Callan Cummins, Matthew Malone and Mary Murray in Fishambles EMBARGO. Photo by Anthony Wood

Politically Personal

It's a case of covering familiar ground for both Fishamble: The New Play Company, and playwright Deirdre Kinahan, as the politics of the past get reframed in the present in Embargo. Like their brilliant Inside the GPO, Fishamble again set out to interrogate a place and time in Irish history. That place being Connolly Station, via a significant detour to Kells and the Pump House in Dublin Port. The time being the oft forgotten arms embargo during the War of Independence, when Irish workers refused to transport British guns or soldiers.

Like sitting on a stalled train waiting for breakdown services, nothing much happens in Embargo after initially leaving the station. At which time it ventures retrospectively back upon itself to begin explaining a brutal tar and feathering and why a woman desperately needs to get to Belfast. Come the half way mark and the character driven narrative, by far the best thing about Kinahan's politically charged script, has barely moved forward, with the tracks ahead blocked by a truck load of revisionist history. Even so, it's already clear where the story's going, whose slim pickings are rationed out like grains until its powerful ending nears. Which, even if you don't quite buy it, still leaves you very much enthralled.

Callan Cummins, Matthew Malone and Mary Murray in Fishambles EMBARGO. Photo by Anthony Wood

In a vein similar to The Unmanageable Sisters, Kinahan once again addresses the past to highlight how the Irish Republic broke its promise to its women. Showing a Joycean leaning towards the epic in the everyday, Embargo's occassionally pompous tone strains under its Greek references. Structurally, echoes of a Greek chorus are peppered about, with the cast adding forced emphasis to words and lines in places. Throughout, Kinahan's overwrought language self-consciously strives for seriousness, heavily invested with trade union and nationalist rhetoric. Supported by a droning score by Denis Clohessy, which also seems to be seeking gravitas.

Director Maisie Lee struggles valiantly to bridge the distance between script and screen, culminating in a clever final image helped by Zia Bergin-Holly's intriguing set and impressive light design. Yet performances are disparate throughout, with the whole struggling to stay on its feet. Like a graduate from the Ron Burgundy school of journalism, the sensitive Gracie sees Matthew Malone monologuing meaningfully to camera when not executing dialogue, his dialogue proving far more effective. Meanwhile, Mary Murray's prop-less Jane is cranked up to such a degree she seems to have strayed in from another play. Even so, Murray is value for money, knowing how to work a camera and an audience. Callan Cummin's laconic Jack convinces as a wannabe Jim Larkin type, rehashing trade union and nationalist rhetoric of the 1920s, but with none of the great orator's power, and very little of his compassion.

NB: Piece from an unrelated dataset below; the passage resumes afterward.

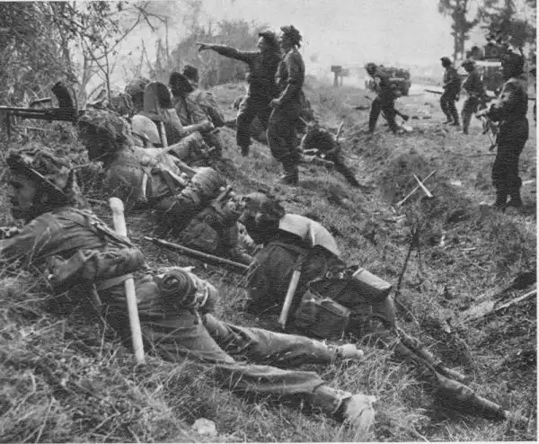 Британская пехота на позиции в районе города Каньи. 1944 год.

Callan Cummins and Matthew Malone in Fishambles EMBARGO. Photo by Anthony Wood

Advocating the personal over the political, Embargo's personalities serve as political mouthpieces in this strong, if slow trundling story. Feeling like Strumpet City:The Sequel, and offering up tidbits of revisionist history, you could be forgiven for thinking rage might have been a more suitable title seeing how often it gets talked about. Throughout, there is a genuine attempt to transfer a theatrical work online in as innovative a manner as possible. Ensuring that if Embargo highlights the hurt inflicted on women during the War of Independence, and on many of the Republic's more sensitive souls, it also highlights the strains impinging on the artifice that is theatre online.

Embargo by Deirdre Kinahan, produced by Fishamble:The New Play Company, was commissioned by Dublin Port Company and Iarnród Éireann as part of Dublin Theatre Festival. Originally live streamed from Connolly Station and the Pump House, Dublin Port, Embargo is available online until October 25.